Prevalence of depression in the studies by Narimani et al. and Sadr et al. in the city of Tehran showed 17% and 23.7%, respectively 1,17. The prevalence in the study by Jafarpour in the city of Kermanshah was 17.5%.3 Korramirad el al. reported the related prevalence of depression in the city of Qom to be 23.7%.11
The findings in this study showed that 40 out of 110 mothers going to Garmsar health centers were depressed (score of over 12), and the post-natal depression prevalence was about 36%, which was more than the results obtained in similar studies.
Older age of mothers is among the effective factors in post-natal depression. Due to using newer information resources and taking care during pregnancy as well as higher education, yocaesunger mothers are probably less affected by post-natal depression. There was no relation in this study between mothers’ ages and depression. This was in conformity with the studies by Najafian and Hassan Zahraei, but it was not in conformity with the studies by Rahmani and Bek and Salmalian.4, 18-21
Since according to the results of some studies in Eastern communities, such as India and China, dissatisfaction from the child’s gender has an effective role in the creation of post-natal depression, the relation between the child’s gender and post-natal depression was also considered.22 There was no relation in this research between the infant’s sex and post-natal depression, which was in conformity with the studies by Abedian, Yagmar and Dowlatian, but it was not in conformity with the research by Hosseini.8,23-25
Mothers, higher education increases their knowledge about the social rights, psychophysical requirements and also promoting understandings and cooperation. Perhaps due to increasing the knowledge and better and easier access of mothers to information resources, they can be ready in accepting their new responsibility. However, there was no relation between lower education and depression, in this study. This was in conformity with the studies by Verdoux, Wang and Rahmani, but not with the researches by Hassan Zahraei and Chaaya.19,20,26-28
By increasing the number of children, mothers have less time for resting and recreation. Thus, these factors may cause mothers’ tiredness and may lead to post-natal depression. However, no relations existed between the number of childbirths and depression, which indicated similar results with the studies by Narimani.1 But, it was not in conformity with the researches by Hong and Rahmani.20,29
The type of labor is indicated for post-natal depression in some studies.30 No definite mechanism is reported however, for post caesarian depression. However, the longer recovery time, effects of anaesthesia and surgery, delays in daily activities and late fulfilment of daily activities as well as later relations between mothers and their newborn babies are perhaps effective in post-natal depression.31 There was no relation in this study between caesarian operation and depression, which indicated con.formity with the studies by Sword, Cutter, Najafian and Kamranpour, although it was not in conformity with the studies by Dowlatiun.8,18,32-34
Planned and wanted pregnancy is pleasant in the family. However, unwanted pregnancy has inappropriate effects on the mother, the infant and the whole family.35 The consequences of unwanted pregnancies are quite serious, having considerable effects on the mothers, her spouse, and the child in case of continuing the pregnancy. The results of the studies by Karakam and Rahmani in Turkey showed that women without planning for pregnancies are exposed to post-natal depression in comparison to the women with planned pregnancies.20,36 However, no relation was observed in this study between unwanted pregnancy and depression.
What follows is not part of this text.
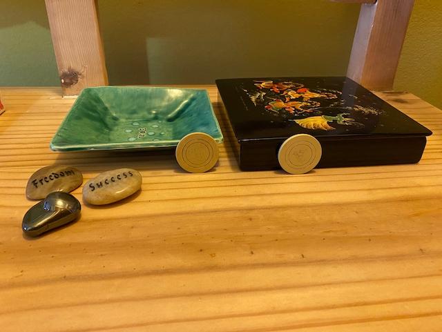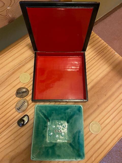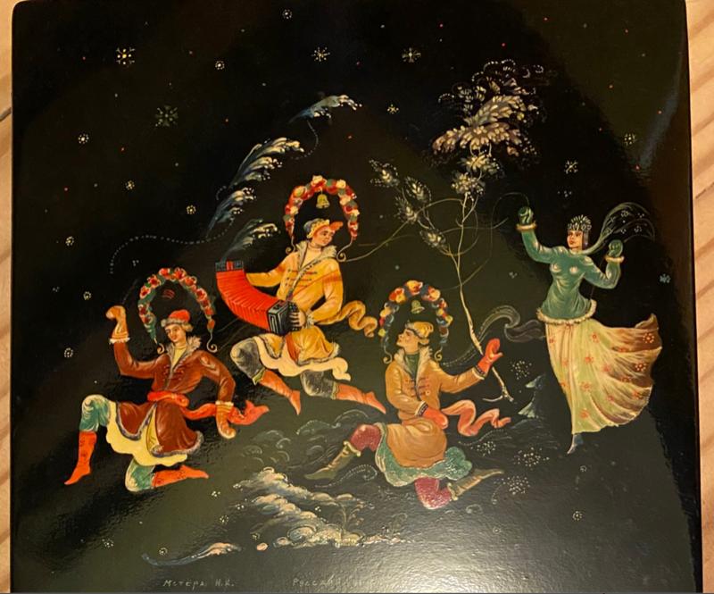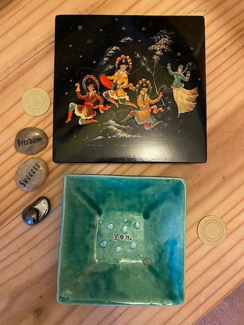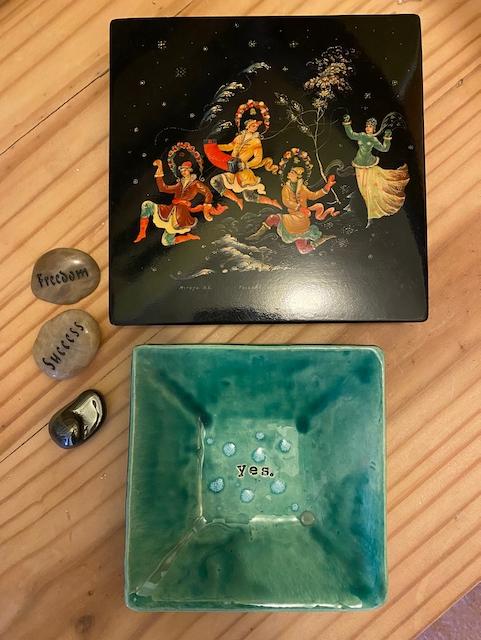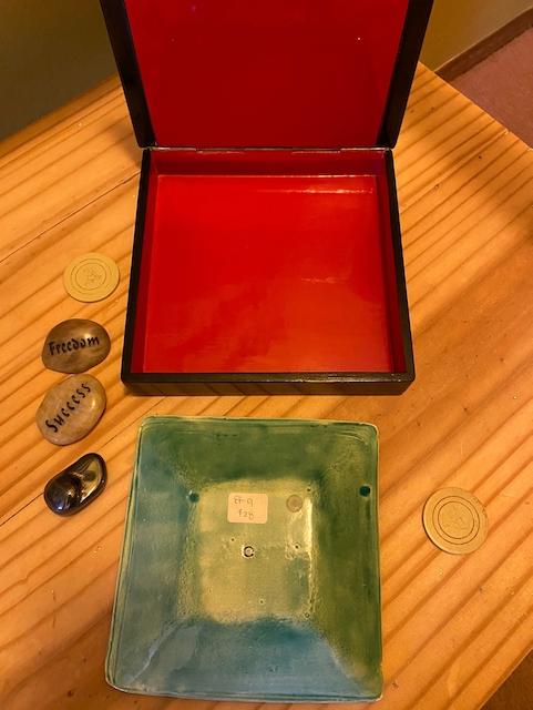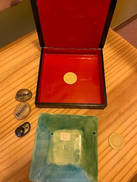 Russian lacquer box, pottery dish and stones - box is Mctepa - poker chips are shown for size reference, not included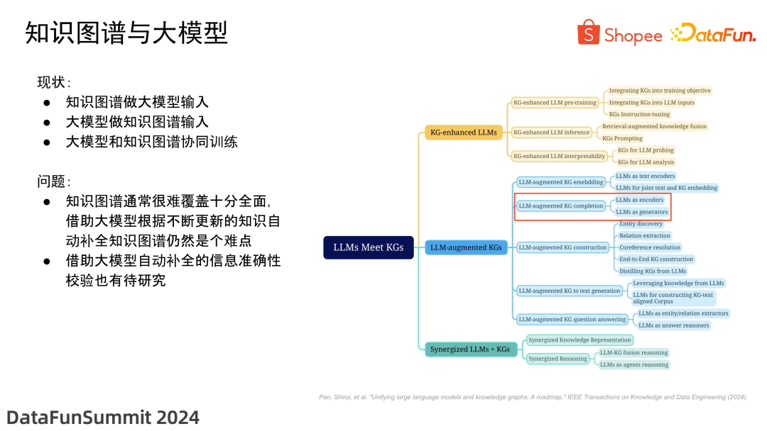 目前有三种主要的结合方式:第一种是将知识图谱作为大模型的输入;第二种是将大模型作为知识图谱的输入;第三种是双方进行协同训练。上图中展示的结构图来自一篇整理得非常清晰的调查报告,推荐大家阅读,这里不做赘述。仅分享一个有趣的发现,在整个知识梳理中,我们发现了一个比较薄弱的环节,即知识图谱的补全。尽管知识图谱补全的机制在理论上比较容易理解,例如归纳推理和类比推理,但在真实应用中相关工作和成功案例仍然比较少。在知识图谱构建中,一个重要问题是如何更全面地覆盖知识。如何借助大型模型根据不断更新的自然知识来补充知识图谱仍然是一个难题。此外,由于大型模型天然存在一些知识幻觉的问题,如何自动验证补充信息的准确性也是亟待研究的一个问题。![]()

There was no relation observed in this study between the history of sterility and depression, which showed no conformity with the studies done by Narimani.1
The difference in the results about the existence or lack of relations between the risks concerning post-natal depression in different studies may be due to different methodologies, the studied population and the number of samples used in the studies.
Due to the unpleasant effects of depression on the living qualities of mothers’ and the embryos’ and eventually the families, and due to its extensive prevalence in the city of Garmsar, precise identification of effective factors in the emergence of this disorder seems to be essential. By awareness of its risk factors, some of the inevitable factors could be reduced or even confronted, and the relevant consequences can be reduced by timely and proper interventions. So, Extensive programs with a more number of samples and more variables are proposed for future research in the case of post-natal depression.
CONFLICT OF INTEREST
The authors declare no conflict of interest.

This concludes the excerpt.